The Future Of Social Networks
Fred Stutzman peers into the crystal ball, and (with reference points derived from a close study of five MySpace competitors) lays out a framework for the future of social networks. He looks at these sites:
- Cyworld — he characterizes as the “future of social”
- Bebo — he thinks it’s “taking on MySpace”, but it seems more of a replacement for Facebook to me.
- Hi5 — a contender from India
- Faceparty — another competitor from the UK.
- XuQa — “what Facebook could become”
And here’s Fred’s trendline for social networking:
- Social networking is becoming content-centric. Essentially, companies are building social-enabled sites around content areas - be they cars, music or to-do lists. In this context, social networking adds the logical next layer to content-driven resources. This is an extremely important trend - in the future, all of our content sites will have SNS characteristics. Sites that move early and implement well could very easily steal a large audience pool from established content sites.
- Social networking is the vanguard of micropayment. As we’ve seen in Second Life, people are absolutely willing to exchange real-life dollars for virtual accessories and karma. Users vest a good part of their identity into their chosen social sites, so monetization possibilities abound; letting users buy little things that make their virtual live better, or more rich makes these sites fun. Indeed, I think fun is they key part - people don’t want to pay to use social networking sites, they want to pay to make their experience better. I believe we’ll be seeing a lot more of this in the future.
- Social networking for the sake of social networking just doesn’t cut it. Put simply, we want more from SNS-enabled sites than association. If we’re going to invest our time into a SNS site, make it worth our while. Make it a game, make it entertaining, make it useful - but don’t expect us to come if you think its enough to browse our friends profiles.
I agree with Fred totally. Content-free, networking-for-the-sake-of-networking is a pointless exercise, now that we have gotten over the novelty of fooling with these sites. He seems to miss the intensely geolocal aspect of social networks: people naturally network with others that a close to them, physically. And he misses OpenBC, which is a big sucess in Germany and Western Europe. While I think he is dead on re: micropayment, he only touches on social commerce lightly, which is the big bang of our socialized future.
Social networks will become the centerpoint of online commerce. I state this unequivocally. The revolution will be socialized: in the future, essentially all online consumer commerce will be conducted through social means. The Web 1.0 metaphor of wandering around in a warehouse, putting gear into a shopping cart and then heading for a checkout counter, that shopworn motif will be replaced by various social metaphors.
- Recommendations — various approaches to supporting social recommendations will become the primary starting point for online commerce. Whether buried in the implicit social networks of standalone blogs, or made more explicit in bespoke social networking apps, people’s reviews and pick lists will guide more buying behavior every year.

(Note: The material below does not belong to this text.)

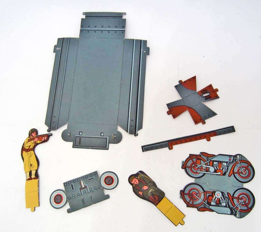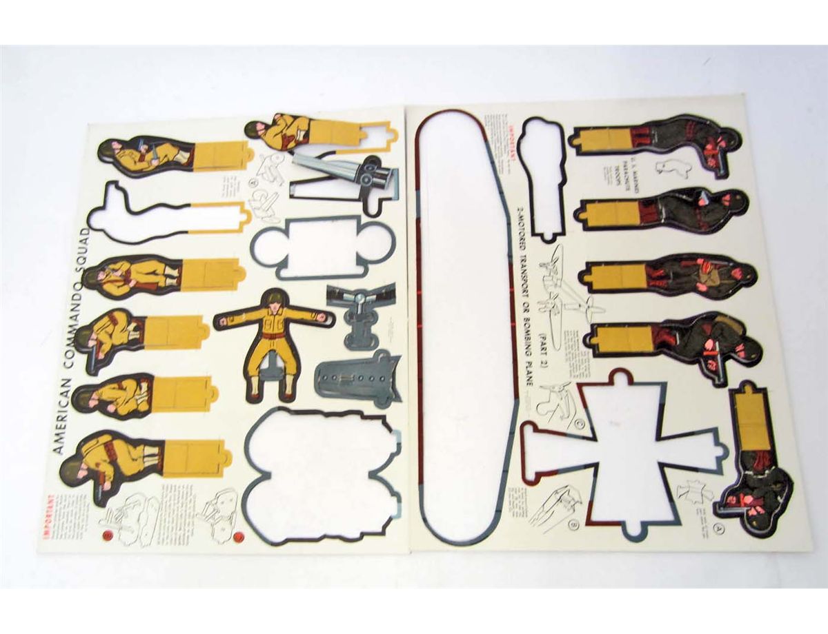 Set measures approx 14" x11" x 1". Figures are stiff cardboard and when put together measure approx 3" tall. Comes with lots of soldiers, tank, motorcycle and other army pieces. Missing Motor transport or Bombing Plane (you can make either One (1) with the parts.) and a few small parts. All soldiers included.

- Experiential marketing — as an increasing social consciousness pervades the online marketing world, advertisers will realize that ads are becoming less effective, even when streaming and animated. One answer is what I am calling experiential marketing: individuals or groups will be solicited and directly compensated to try out products and blog or otherwise chronicle their use. With highly trusted advocates acting on behalf of the community these campaigns will become a mainstay of product marketing 2.0.
- Sponsored aggregation — with a universe expanding into a billion tagspaces, every company could be sponsoring an aggregation of the best material on their defining topics. Canon, for example, could sponsor the leading aggregation of information on digital cameras, culled from hundreds or thousands of correspondents, who might be writing in personal blogs or within increasingly open social networks. These “plazas”, as I call them, will become a great way for companies to support communities of interest, and tap into the collective thinking about their products and their application. Candidly, I am amazed that so few platforms to support plazas have emerged, and I am likewise surprised that Technorati and other systems that define tagspaces have not tapped into this multi-billion dollar opportunity. This will soon turn around, and meme trackers (like Techmeme and Tailrank), social content aggregration systems (like The Personal Bee), and indexing/tag systems (like Technorati) will all be competing to be the leading plazas for tens of millions of products competing in millions of niches.